TASK DESCRIPTION:
Repeat each entry exactly and drop the pictures.

PROVIDED DATA:
────────────────────
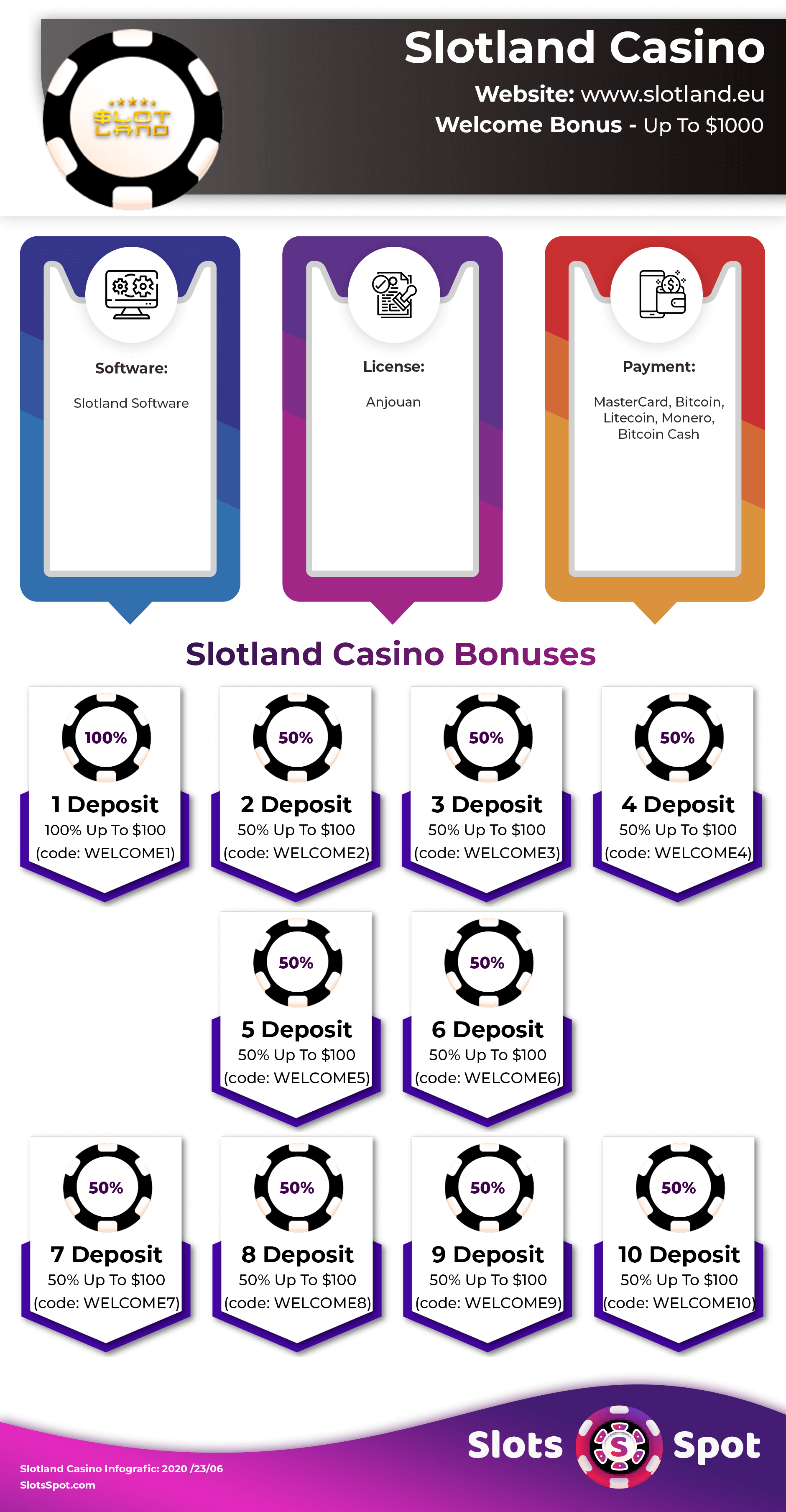 It’s not hard to see why players choose the Slotland Casino Bonuses, instead of other ones. These guys know, how to make things right and make the gaming process funnier and much more interesting than it has ever been. The user doesn’t have to waste time – its worth to start the game right now.
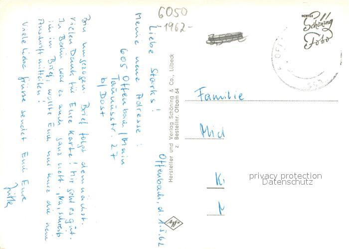 73698478 alte Postkarte Offenbach Main Lederstadt Messehalle Kaffee Schloss postalisch gelaufen Erhaltung siehe scans [FriedD77] KatCode: 11110006413000
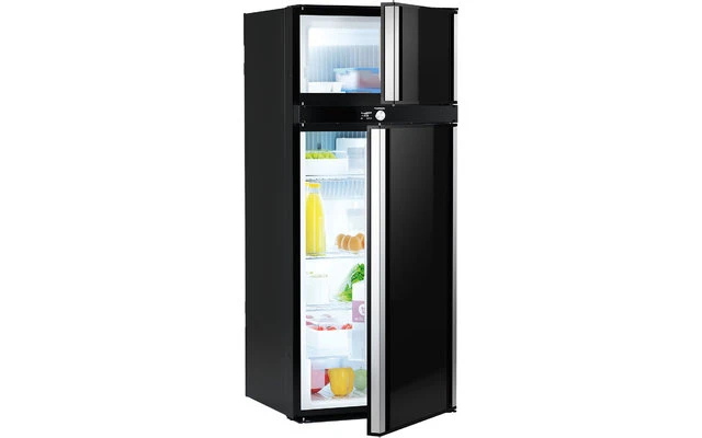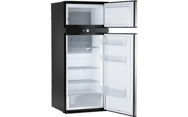 Ce réfrigérateur à absorption de nouvelle génération convainc par un confort inégalé jusqu’à présent : sélection automatique de la source d’énergie (12 V, 230 V ou gaz), une porte qui s’ouvre vers la gauche et vers la droite et un intérieur polyvalent avec beaucoup de place pour vos aliments
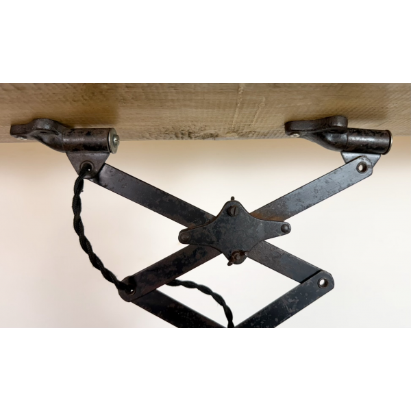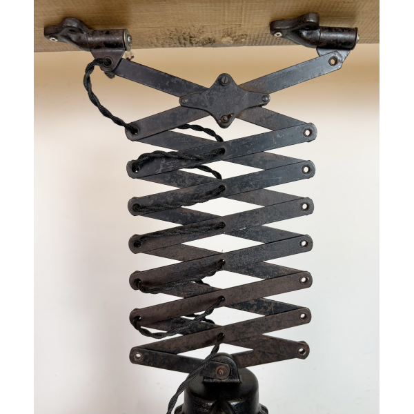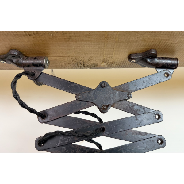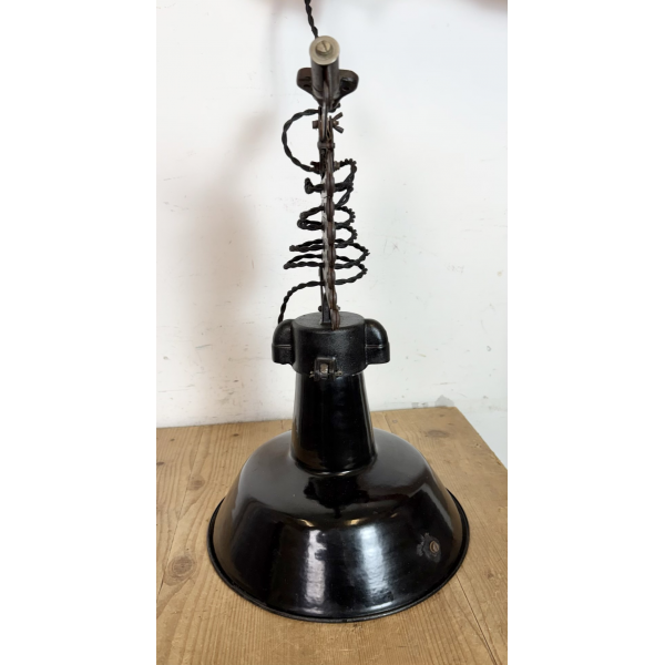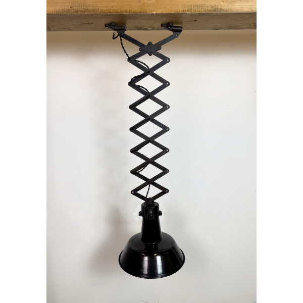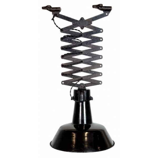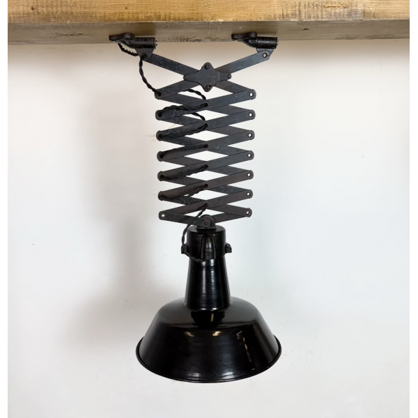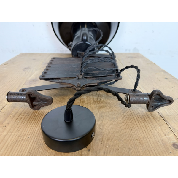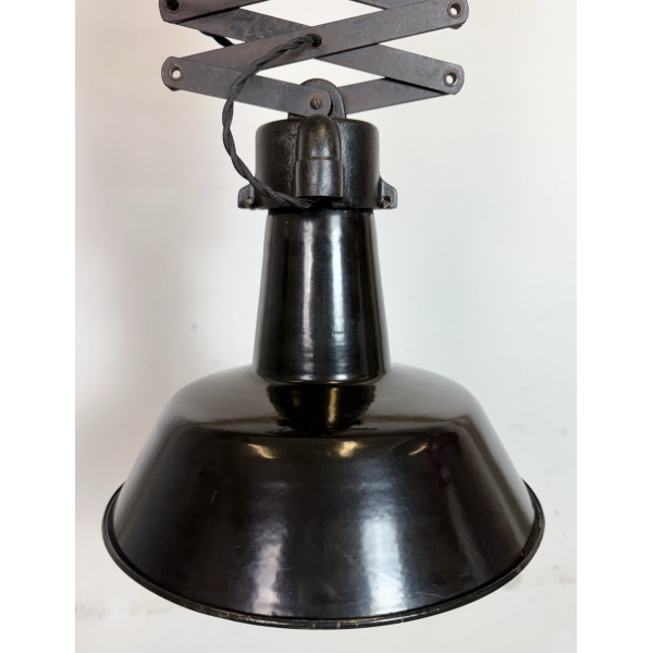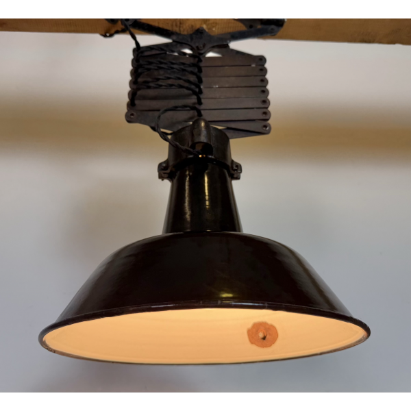Industriální smaltovaná lampa zavěšena na harmonice Zobrazit v plné velikosti
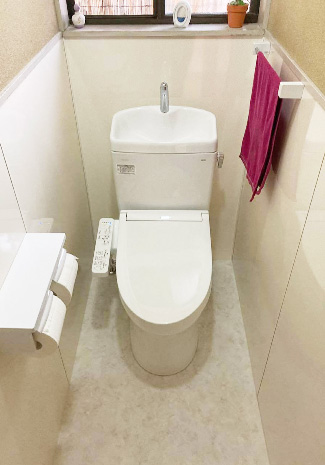 節水タイプのトイレで1回の洗浄量は4~5リットルと従来のトイレの半分の為、日々の節水にもつながります。ウォシュレットはTOTO SBシリーズから選定して費用をご希望価格におさえました。
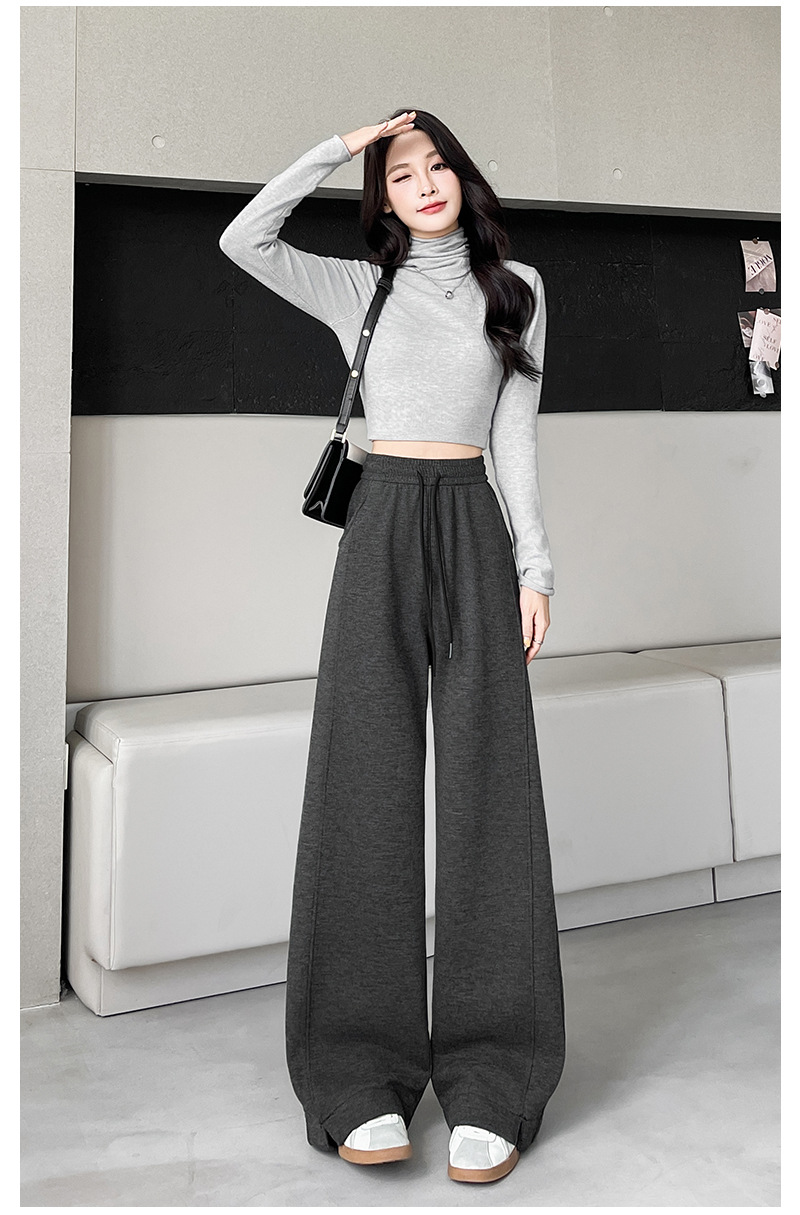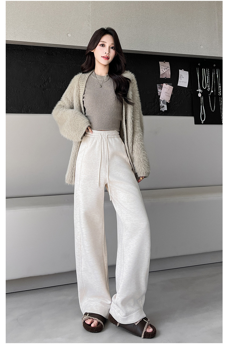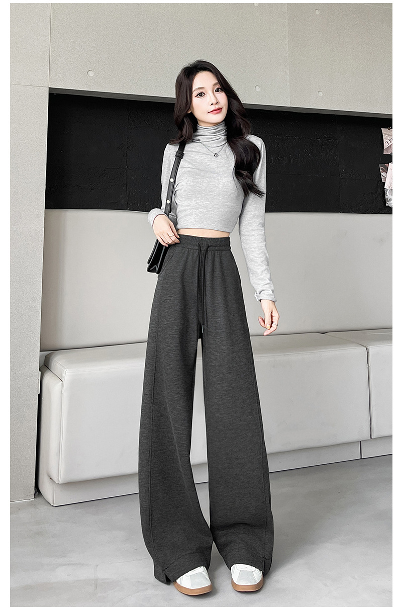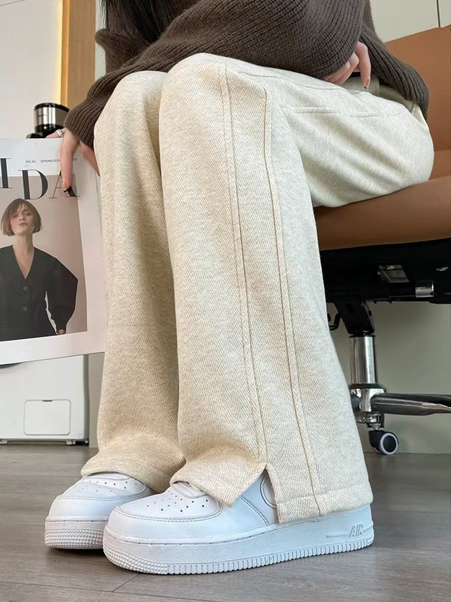 Широкие брюки из кашемира для женщин, новая модель осень-зима 2025, свободные прямые, драпирующиеся, на флисовой подкладке, утолщенные, повседневные брюки.
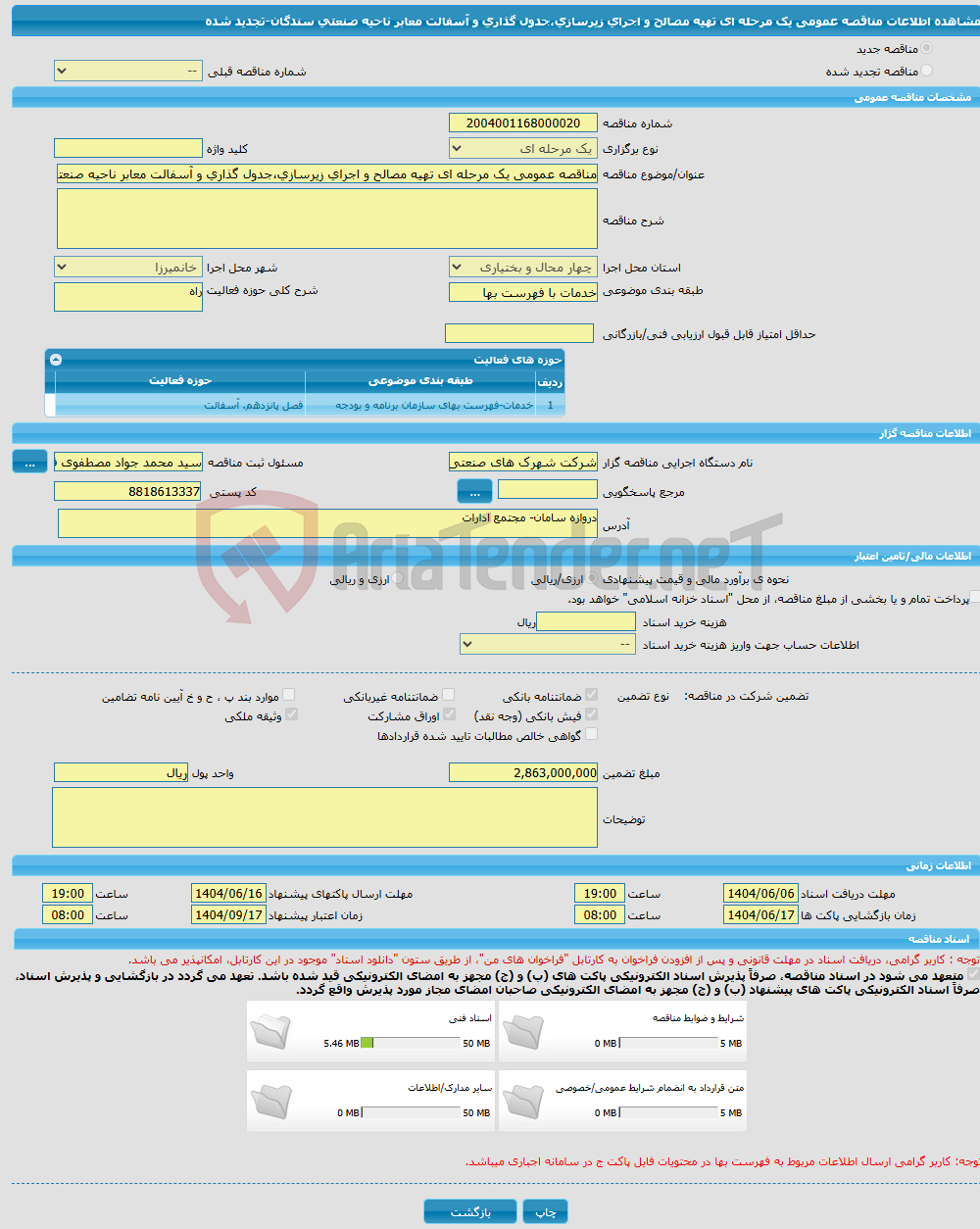 مناقصه عمومی یک مرحله ای تهیه مصالح و اجرای زیرسازی،جدول گذاری و آسفالت معابر ناحیه صنعتی سندگان-تجدید شده
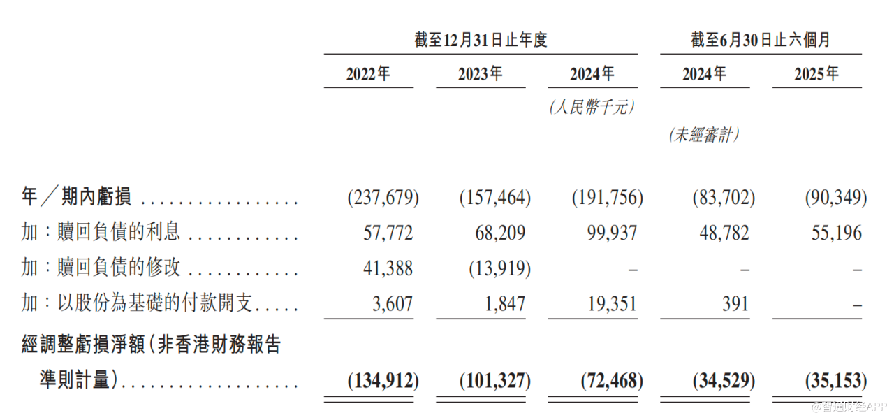 珞石机器人在招股书中指出,公司将经调整亏损净额定义为年度或期间的亏损,调整内容包括赎回负债的利息、赎回负债的修改及以股份为基础的付款开支。以股份为基础的付款开支指由公司授予员工的股份激励产生的非现金费用。赎回负债的利息指就公司的融资安排中包含的上市前投资者的赎回权利产生的利息。公司于往绩记录期间的赎回负债是由于公司的融资安排中包含的上市前投资者的赎回权利,上述权利被记录为金融负债。赎回负债将在赎回权利终止时终止确认,并在上市后将不再对上述上市前投资的赎回负债支付利息。
────────────────────
EXERCISE SOLUTION:
 It’s not hard to see why players choose the Slotland Casino Bonuses, instead of other ones. These guys know, how to make things right and make the gaming process funnier and much more interesting than it has ever been. The user doesn’t have to waste time – its worth to start the game right now.
 73698478 alte Postkarte Offenbach Main Lederstadt Messehalle Kaffee Schloss postalisch gelaufen Erhaltung siehe scans [FriedD77] KatCode: 11110006413000
 Ce réfrigérateur à absorption de nouvelle génération convainc par un confort inégalé jusqu’à présent : sélection automatique de la source d’énergie (12 V, 230 V ou gaz), une porte qui s’ouvre vers la gauche et vers la droite et un intérieur polyvalent avec beaucoup de place pour vos aliments
Industriální smaltovaná lampa zavěšena na harmonice Zobrazit v plné velikosti
 節水タイプのトイレで1回の洗浄量は4~5リットルと従来のトイレの半分の為、日々の節水にもつながります。ウォシュレットはTOTO SBシリーズから選定して費用をご希望価格におさえました。
 Широкие брюки из кашемира для женщин, новая модель осень-зима 2025, свободные прямые, драпирующиеся, на флисовой подкладке, утолщенные, повседневные брюки.
 مناقصه عمومی یک مرحله ای تهیه مصالح و اجرای زیرسازی،جدول گذاری و آسفالت معابر ناحیه صنعتی سندگان-تجدید شده
 珞石机器人在招股书中指出,公司将经调整亏损净额定义为年度或期间的亏损,调整内容包括赎回负债的利息、赎回负债的修改及以股份为基础的付款开支。以股份为基础的付款开支指由公司授予员工的股份激励产生的非现金费用。赎回负债的利息指就公司的融资安排中包含的上市前投资者的赎回权利产生的利息。公司于往绩记录期间的赎回负债是由于公司的融资安排中包含的上市前投资者的赎回权利,上述权利被记录为金融负债。赎回负债将在赎回权利终止时终止确认,并在上市后将不再对上述上市前投资的赎回负债支付利息。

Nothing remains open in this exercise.